Speeding is a factor in one-third of all motor vehicle collisions in North Carolina, and the majority of deaths are drivers, not passengers. Distracted driving contributes to roughly 20% of all accidents in the state. However, impaired driving is not as prevalent, with only 4% of statewide collisions having alcohol as a factor. 

3.  Tennessee

Unlike North Carolina, drunk driving is a huge problem in Tennessee, though it is still behind distracted driving as the number one cause of car wrecks in the state. With several parts of Tennessee established as popular vacation and tourist destinations, it stands to reason that the holiday and summer months see an increase of impaired vehicle operators during peak times.  

4. New Mexico

The NHTS has ranked New Mexico drivers as the second-worst behind Alaska drivers. Driving under the influence is a major contributor to overall traffic-related accidents and the state has more drunk driving deaths per capita than any other state in the country. New Mexico is also a dangerous state for pedestrians, with a reported 45% increase in fatalities of individuals struck by moving vehicles. 

5. Alabama

Home to the traffic-dense US 431 “Highway to Hell,” one of the deadliest stretches of road in the nation, Alabama is no stranger to bad accidents. Collision fatalities in the state are above the national average due to common risky driving like failure to yield right of way and trying to outrun red lights, as well as the popularity of outright dangerous behaviors like tailgating. An accident is reported every three minutes and more than 55% of deaths occur due to incorrect or nonuse of a seatbelt. Speeding is also prevalent in the state. 

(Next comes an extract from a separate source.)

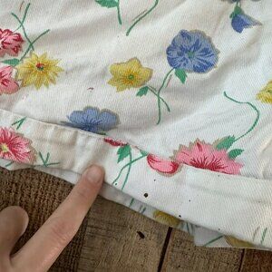 Vintage Overalls & Hat Set For Girls Floral Print White Pink Yellow Blue Size 12

From Reckless to Wrecked: 5 States With High Auto Collision Statistics

Traffic Accidents Are Preventable

While some states have more dangerous terrain than others, the mutual collision factors among them have to do with carelessness. The last thing you ever want is for a loved one to perish in an incident that could have been avoided with a little due diligence. The most common causes of car accidents are:

·       Speeding

·       Distracted driving 

·       Driving while impaired

·       Ignoring signs and signals

Regardless of where and what you drive, awareness and attention are the keys to everyone getting home safely.